Grożono Olewnikowi? Brak dowodów

Grożono Olewnikowi? Brak dowodów

Dodano:   /  Zmieniono: 
fot. Wikipedia 
Prokuratura Rejonowa Olsztyn-Południe umorzyła śledztwo w sprawie gróźb pozbawienia życia, które miały być kierowane pod adresem Włodzimierza Olewnika. Powodem decyzji był brak dowodów uzasadniających popełnienie przestępstwa - poinformował prokurator rejonowy w Olsztynie Arkadiusz Szwedowski. Od decyzji prokuratury o umorzeniu śledztwa przysługuje zażalenie.
Pełnomocnik rodziny Olewników mecenas Bogdan Borkowski nie wykluczył, iż Włodzimierz Olewnik złoży zażalenie na decyzję olsztyńskiej prokuratury. Zastrzegł przy tym, iż to, czy zażalenie zostanie złożone, zależeć będzie od analizy pisemnego, szczegółowego uzasadnienia postanowienia prokuratury, a także od woli samego Włodzimierza Olewnika.

- Wiem, że Włodzimierz Olewnik bardzo poważnie traktował te groźby, obawiając się, że mogą być one spełnione - powiedział pełnomocnik. Ocenił, że uzasadnienie decyzji olsztyńskiej prokuratury o umorzeniu śledztwa w sprawie gróźb brakiem dowodów uzasadniających popełnienie przestępstwa "ma pewne mankamenty". Zaznaczył przy tym, iż jest to  jedynie jego wstępna ocena. - Po otrzymaniu postanowienia wraz z  uzasadnieniem będziemy to analizowali i wtedy zajmiemy ostateczne stanowisko - oświadczył pełnomocnik.

Wątek, który badała olsztyńska prokuratura, został wyłączony w  kwietniu ubiegłego roku z głównego śledztwa w sprawie uprowadzenia i zabójstwa Krzysztofa Olewnika, prowadzonego przez Prokuraturę Apelacyjną w  Gdańsku. Uznała ona, że groźby nie wiążą się bezpośrednio z prowadzonymi przez nią postępowaniami. Zeznający w tym śledztwie jako jeden ze świadków znajomy rodziny Olewników - Jan Z. - poinformował, że na początku grudnia 2010 r. został zaczepiony na ulicy w Olsztynie przez dwóch nietrzeźwych mężczyzn. Jeden z nich miał wypowiadać pogróżki, głównie wobec Włodzimierza Olewnika, i stwierdzić, że "zostały mu trzy tygodnie życia".

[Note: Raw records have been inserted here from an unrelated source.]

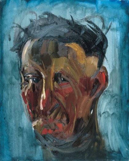 Na obrazie widzimy portret mężczyzny, którego twarz wyraża ogrom emocji. Dominują tu chłodne odcienie niebieskiego i szarości, które kontrastują z ciepłymi brązami i czerwieniami na twarzy. Kompozycja jest dynamiczna, pełna ekspresji, jakby same pociągnięcia pędzla opowiadały historię. Ta ruchliwość kształtów i kolorów nadaje dziełu swobodny i nieco niespokojny charakter. Atmosfera obrazu jest złożona. Z jednej strony czuje się pewien niepokój, jakby postać próbowała nam coś przekazać, a z drugiej panuje wrażenie refleksji, może nawet smutku. Artysta wykorzystał technikę impasto, co widać w grubych warstwach farby, które niemal wyzierają z płótna, dodając tekstury i głębi. Odbiorca może zadać sobie pytanie: co ten mężczyzna przeżył? Czy jego spojrzenie to melancholia czy może nostalgia? Dla mnie, ten portret jest jak tajemnicza opowieść. Ciekawe, co by powiedział, gdyby mógł mówić. To jest takie "enigmatic". Styl artysty wydaje się być bliski ekspresjonizmowi, kładąc nacisk na uczucia bardziej niż na realistyczne przedstawienie. Ktoś mógłby powiedzieć: "To wygląda jak coś, co mój tata by namalował, gdyby był smutny". Obraz budzi we mnie poczucie zadumy, ale też jakiś cichy, wewnętrzny dialog. Fascynujące.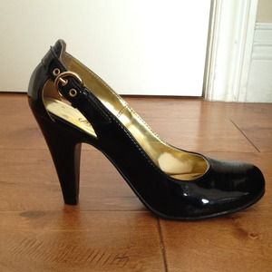These are the perfect black heel for any occasion. (These were my favorite shoes, but don't fit anymore). Very comfortable and cute! Pretty good condition. The insides are losing color (pic 3). Back heels have small marks on them.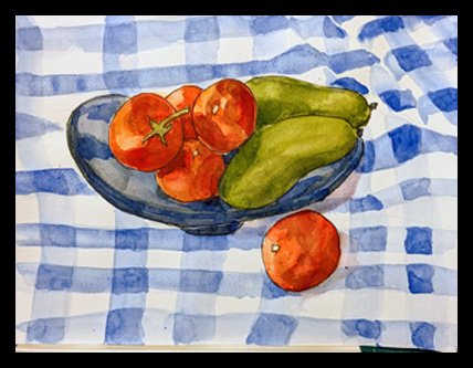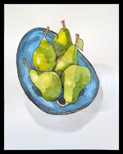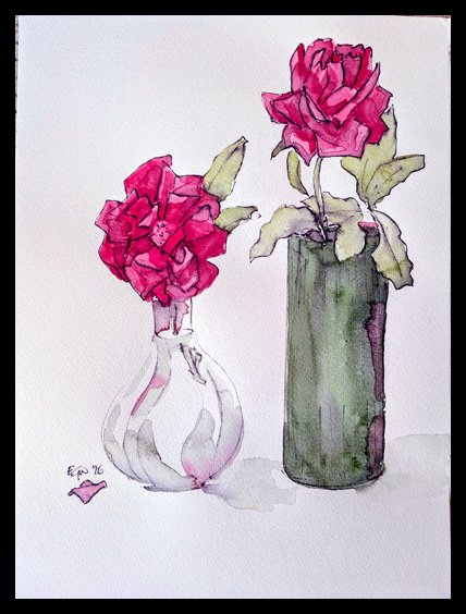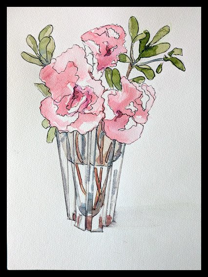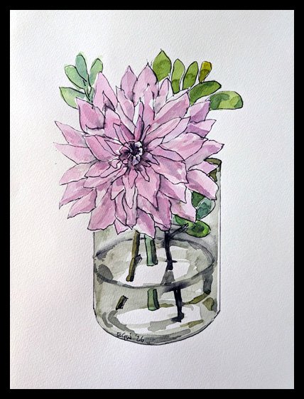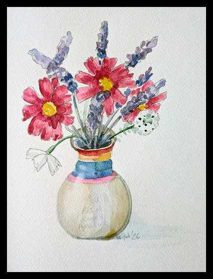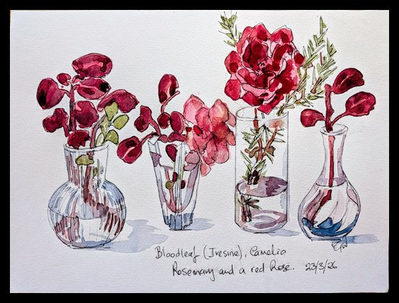 In March 2026 I got the flu. To keep myself entertained while convalescing I drew watercolour and ink sketches of flowers and fruit on 32x24cm paper.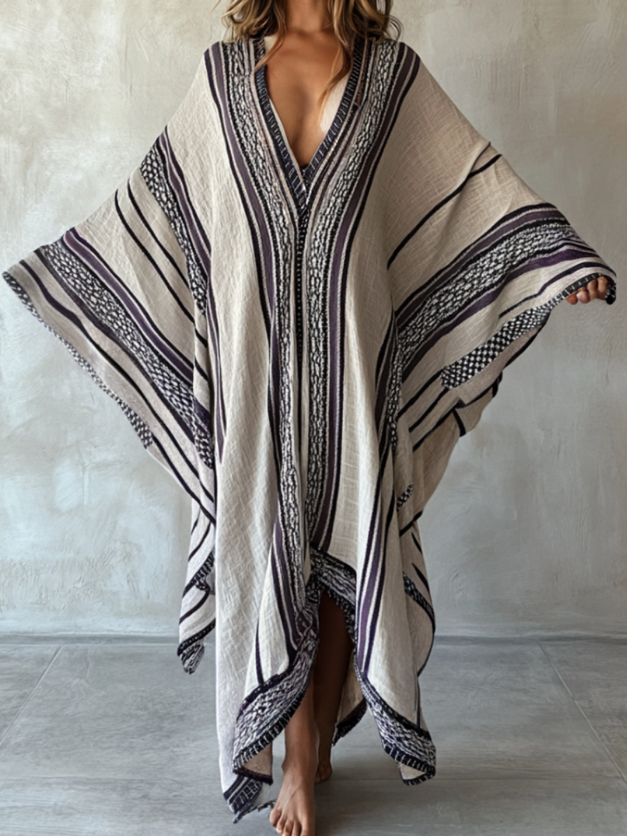 Nomadic Clay Linen V-neck Long Kaftan
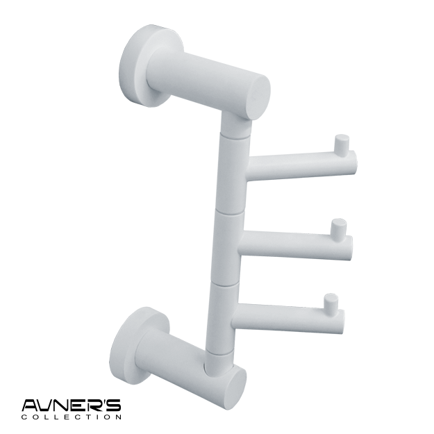 קולב 3 ווים למגבות אמבטיה ROUND לבן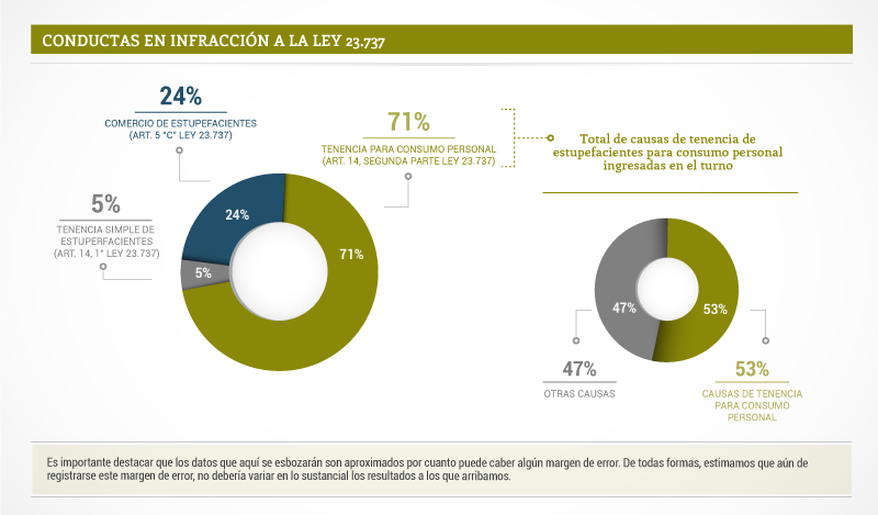 La Fiscalía Federal Nº 6, a cargo de Federico Delgado, elaboró un informe sobre la cantidad de causas que ingresaron a su dependencia, mientras se encontraba en su último turno con las fuerzas de seguridad, en junio de 2014. De las 277 investigaciones iniciadas, el 73% fueron por infracción a la ley de drogas (ley 23737) y el 27% restante se relaciona con otros delitos de competencia federal. Según surge del informe, de las pesquisas por infracción a la ley de drogas, el 71% de ellas (el 53% del total) fueron por tenencia de consumo personal.

Według prokuratury Jan Z. jako autora gróźb wskazał pracownika olsztyńskiej agencji ochrony, nie był jednak do końca pewien, czy  właściwie rozpoznał tego mężczyznę. Przesłuchany w prokuratorze ochroniarz zaprzeczył, aby takie zdarzenie miało miejsce. Śledczy sprawdzili billingi połączeń domniemanego autora pogróżek i  miejsca logowań jego telefonu, z których wynikało, że mężczyzna nie  przebywał w miejscu, gdzie miało dojść do incydentu. Zdarzenia nie  zarejestrowały kamery miejskiego monitoringu.